====== Listed records

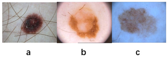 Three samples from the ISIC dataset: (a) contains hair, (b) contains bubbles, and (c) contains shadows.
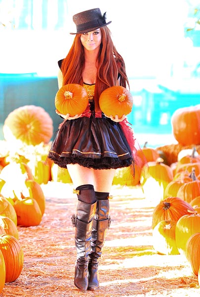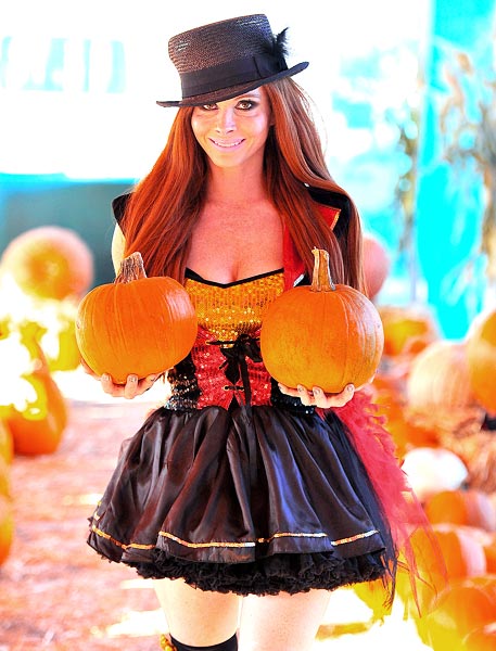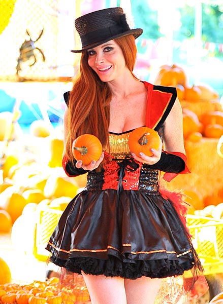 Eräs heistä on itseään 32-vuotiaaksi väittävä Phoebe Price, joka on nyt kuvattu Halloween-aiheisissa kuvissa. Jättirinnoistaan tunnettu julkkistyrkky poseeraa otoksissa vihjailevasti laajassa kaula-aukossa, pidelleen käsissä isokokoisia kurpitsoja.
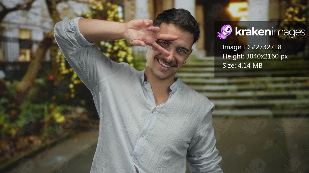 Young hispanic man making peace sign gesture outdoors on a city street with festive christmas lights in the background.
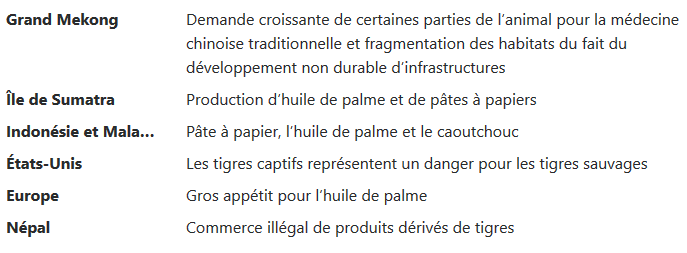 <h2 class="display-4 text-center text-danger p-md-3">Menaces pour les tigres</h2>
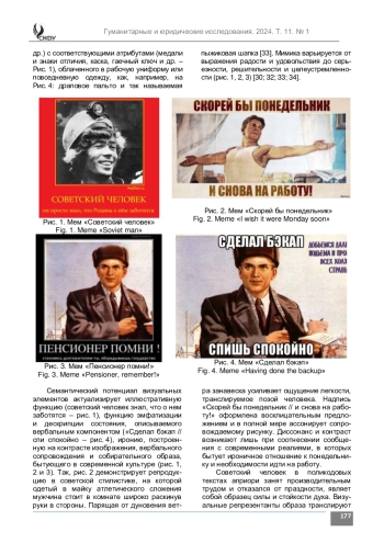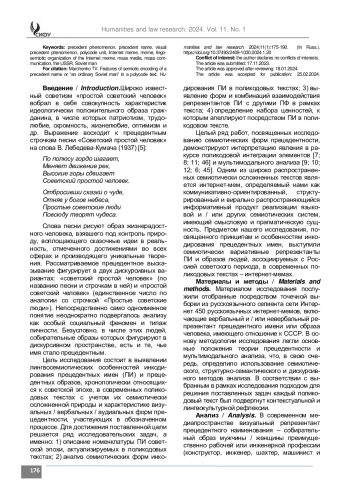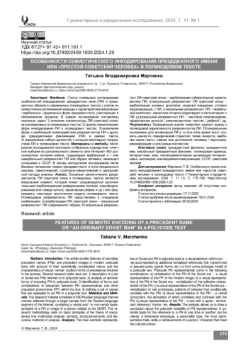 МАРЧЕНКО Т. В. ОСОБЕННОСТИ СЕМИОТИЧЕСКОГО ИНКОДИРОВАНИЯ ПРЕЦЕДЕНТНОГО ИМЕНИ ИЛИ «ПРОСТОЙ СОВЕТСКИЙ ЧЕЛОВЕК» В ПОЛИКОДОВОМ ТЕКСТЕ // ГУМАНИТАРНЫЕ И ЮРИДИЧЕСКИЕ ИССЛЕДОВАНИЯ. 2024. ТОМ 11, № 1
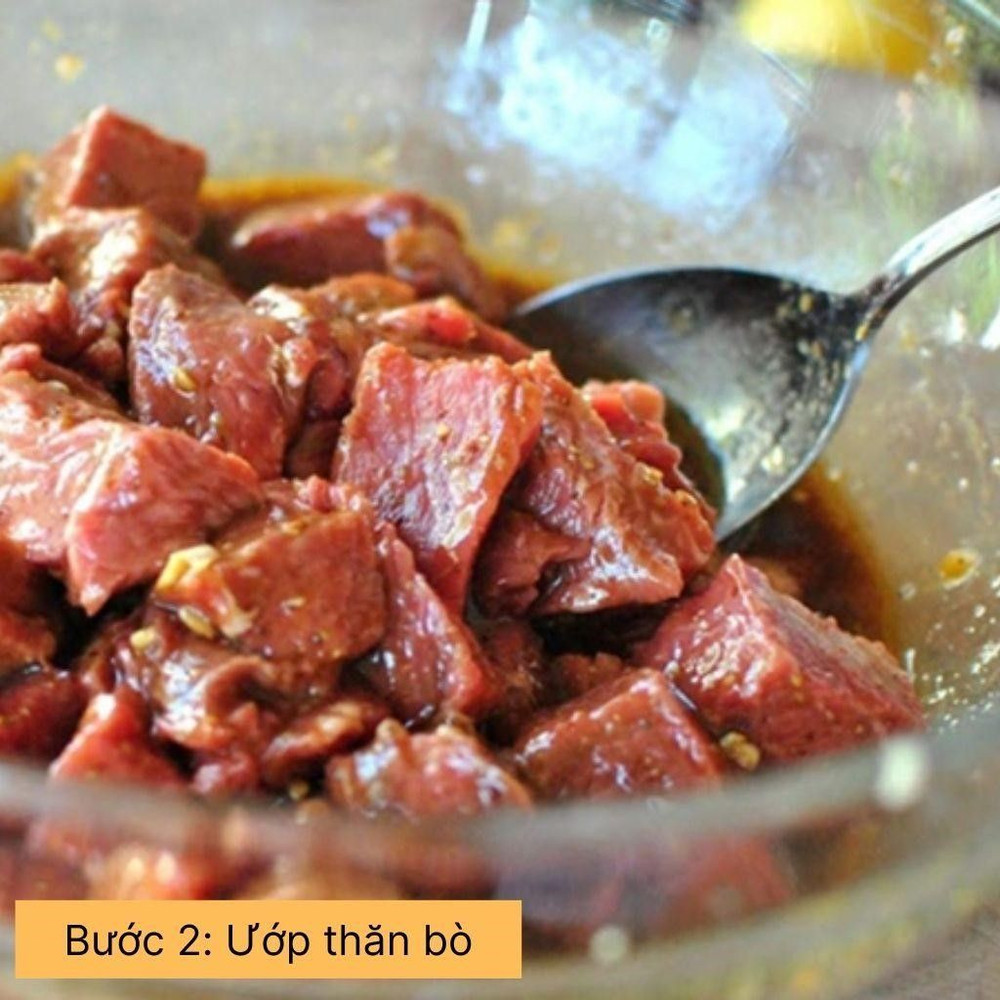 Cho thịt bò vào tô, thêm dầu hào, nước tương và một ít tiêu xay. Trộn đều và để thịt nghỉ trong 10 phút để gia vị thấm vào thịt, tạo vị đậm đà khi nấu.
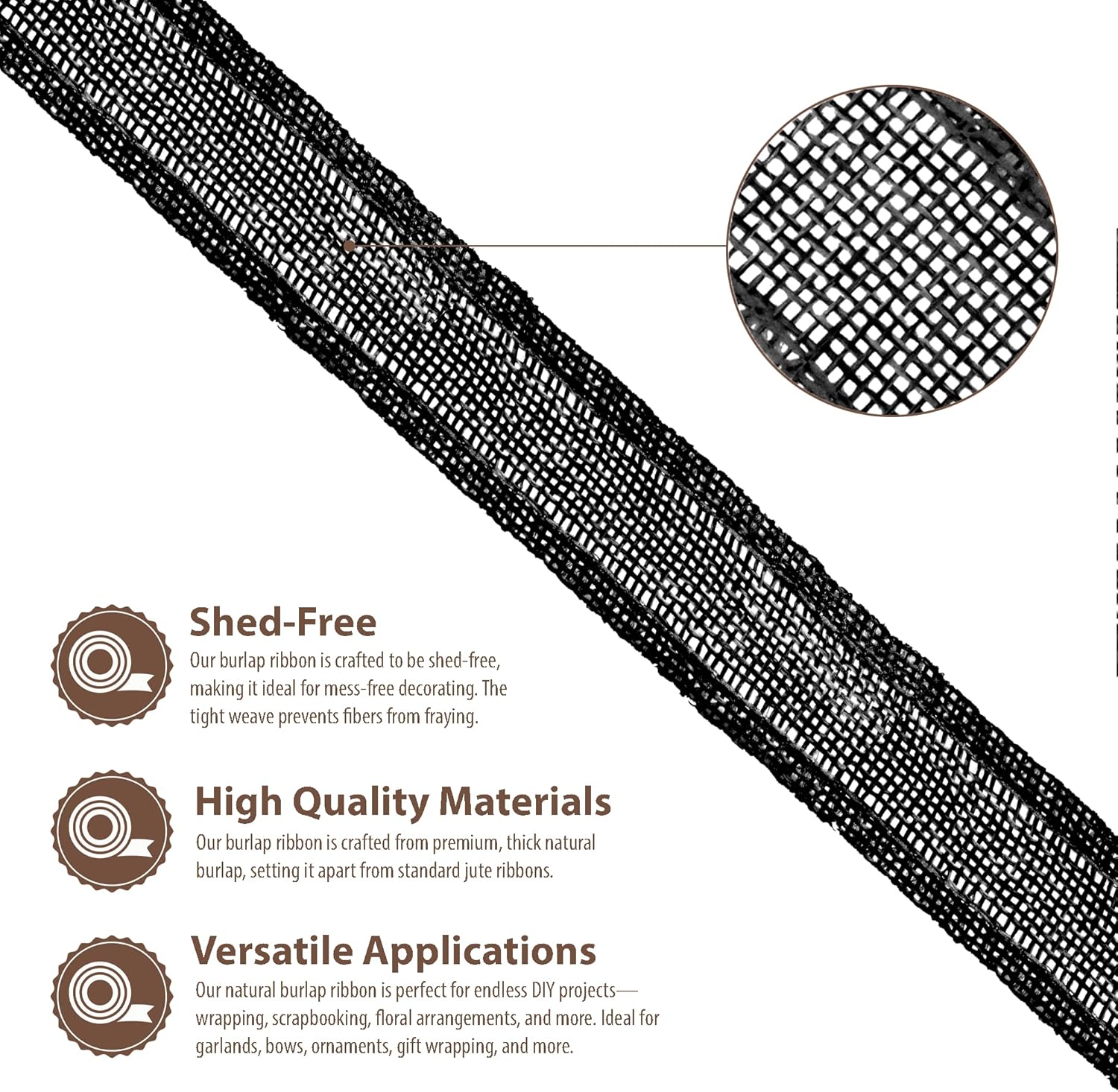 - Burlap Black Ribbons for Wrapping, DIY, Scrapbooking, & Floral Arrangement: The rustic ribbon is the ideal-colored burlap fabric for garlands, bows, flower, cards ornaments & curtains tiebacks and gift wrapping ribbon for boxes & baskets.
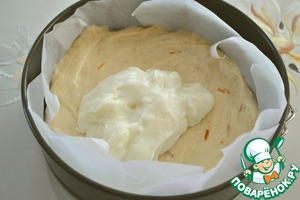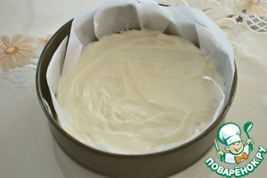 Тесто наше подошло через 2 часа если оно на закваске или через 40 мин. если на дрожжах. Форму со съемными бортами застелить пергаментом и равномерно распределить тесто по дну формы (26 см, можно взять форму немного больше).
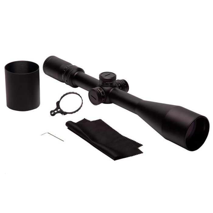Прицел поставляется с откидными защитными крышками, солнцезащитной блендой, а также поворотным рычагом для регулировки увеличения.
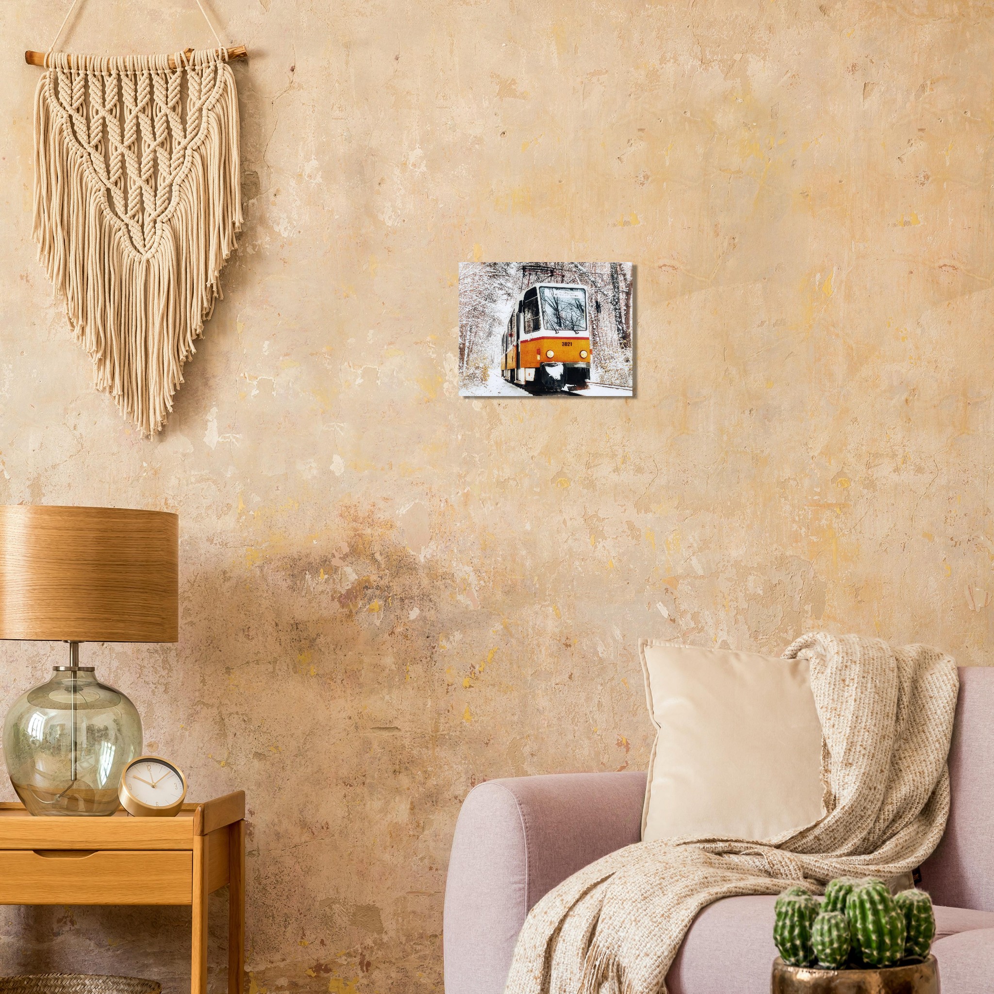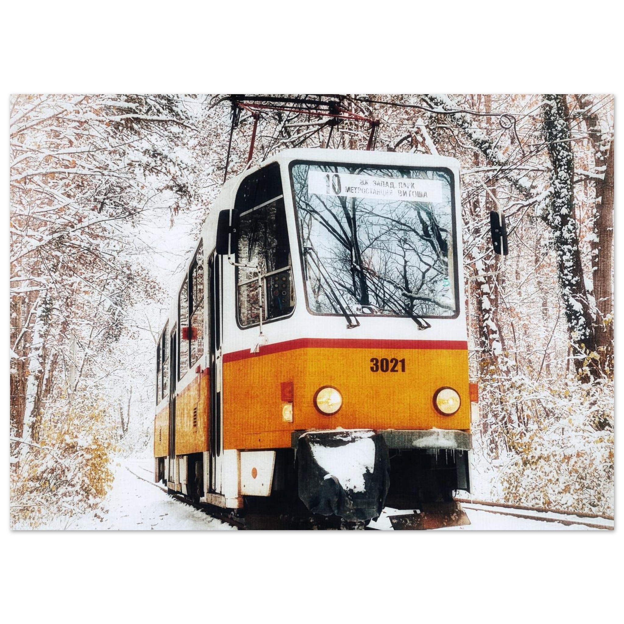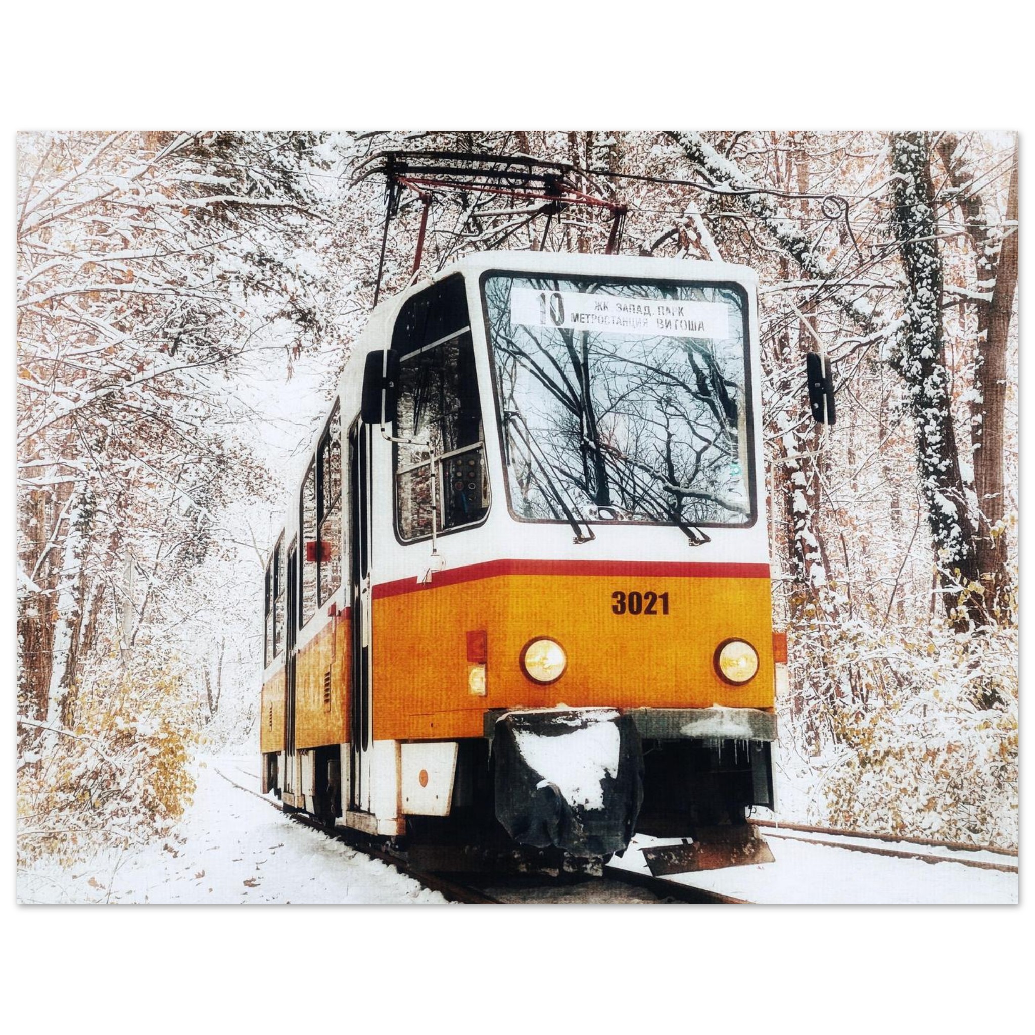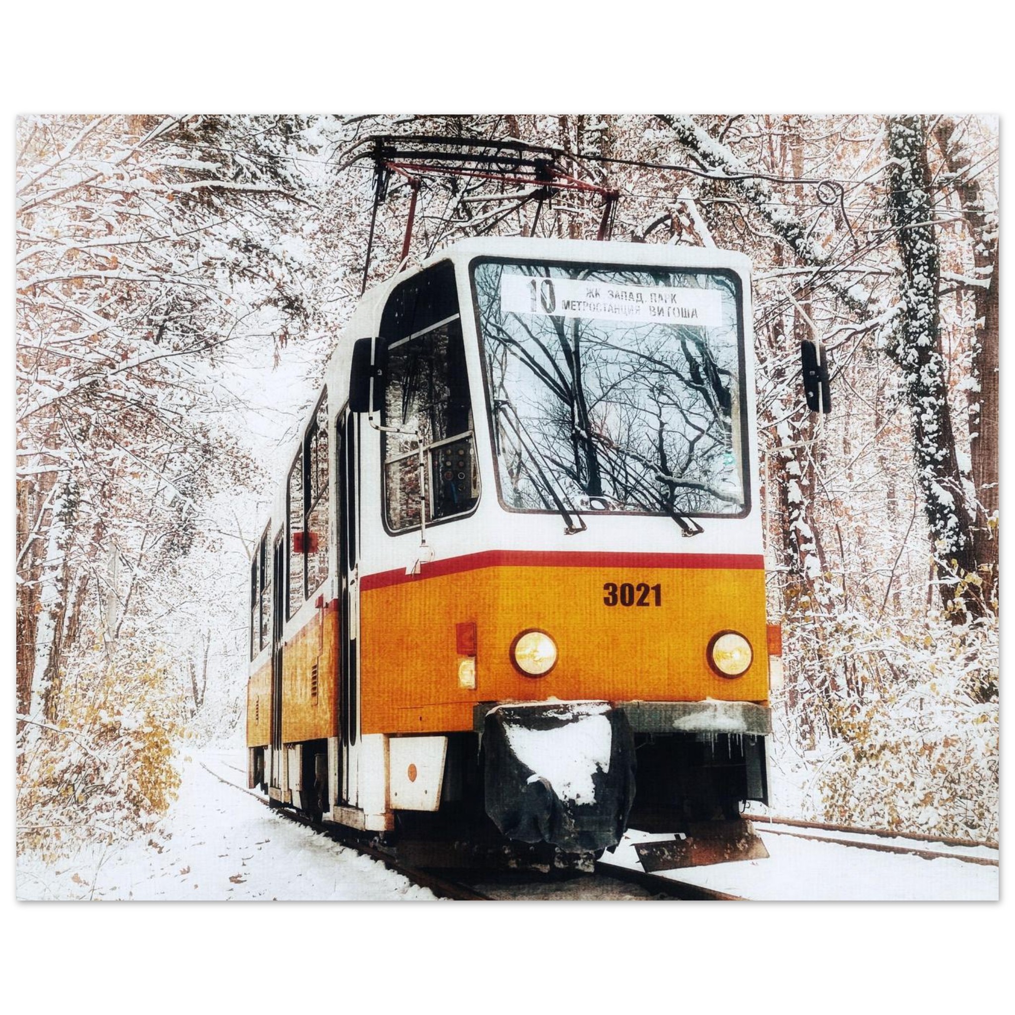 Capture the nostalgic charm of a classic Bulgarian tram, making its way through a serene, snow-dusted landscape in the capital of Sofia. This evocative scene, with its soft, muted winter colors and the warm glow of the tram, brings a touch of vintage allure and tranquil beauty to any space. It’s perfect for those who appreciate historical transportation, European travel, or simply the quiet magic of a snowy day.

============

Go through the lines above and write each one out verbatim, skipping the pictures.

 Three samples from the ISIC dataset: (a) contains hair, (b) contains bubbles, and (c) contains shadows.
 Eräs heistä on itseään 32-vuotiaaksi väittävä Phoebe Price, joka on nyt kuvattu Halloween-aiheisissa kuvissa. Jättirinnoistaan tunnettu julkkistyrkky poseeraa otoksissa vihjailevasti laajassa kaula-aukossa, pidelleen käsissä isokokoisia kurpitsoja.
 Young hispanic man making peace sign gesture outdoors on a city street with festive christmas lights in the background.
 <h2 class="display-4 text-center text-danger p-md-3">Menaces pour les tigres</h2>
 МАРЧЕНКО Т. В. ОСОБЕННОСТИ СЕМИОТИЧЕСКОГО ИНКОДИРОВАНИЯ ПРЕЦЕДЕНТНОГО ИМЕНИ ИЛИ «ПРОСТОЙ СОВЕТСКИЙ ЧЕЛОВЕК» В ПОЛИКОДОВОМ ТЕКСТЕ // ГУМАНИТАРНЫЕ И ЮРИДИЧЕСКИЕ ИССЛЕДОВАНИЯ. 2024. ТОМ 11, № 1
 Cho thịt bò vào tô, thêm dầu hào, nước tương và một ít tiêu xay. Trộn đều và để thịt nghỉ trong 10 phút để gia vị thấm vào thịt, tạo vị đậm đà khi nấu.
 - Burlap Black Ribbons for Wrapping, DIY, Scrapbooking, & Floral Arrangement: The rustic ribbon is the ideal-colored burlap fabric for garlands, bows, flower, cards ornaments & curtains tiebacks and gift wrapping ribbon for boxes & baskets.
 Тесто наше подошло через 2 часа если оно на закваске или через 40 мин. если на дрожжах. Форму со съемными бортами застелить пергаментом и равномерно распределить тесто по дну формы (26 см, можно взять форму немного больше).
Прицел поставляется с откидными защитными крышками, солнцезащитной блендой, а также поворотным рычагом для регулировки увеличения.
 Capture the nostalgic charm of a classic Bulgarian tram, making its way through a serene, snow-dusted landscape in the capital of Sofia. This evocative scene, with its soft, muted winter colors and the warm glow of the tram, brings a touch of vintage allure and tranquil beauty to any space. It’s perfect for those who appreciate historical transportation, European travel, or simply the quiet magic of a snowy day.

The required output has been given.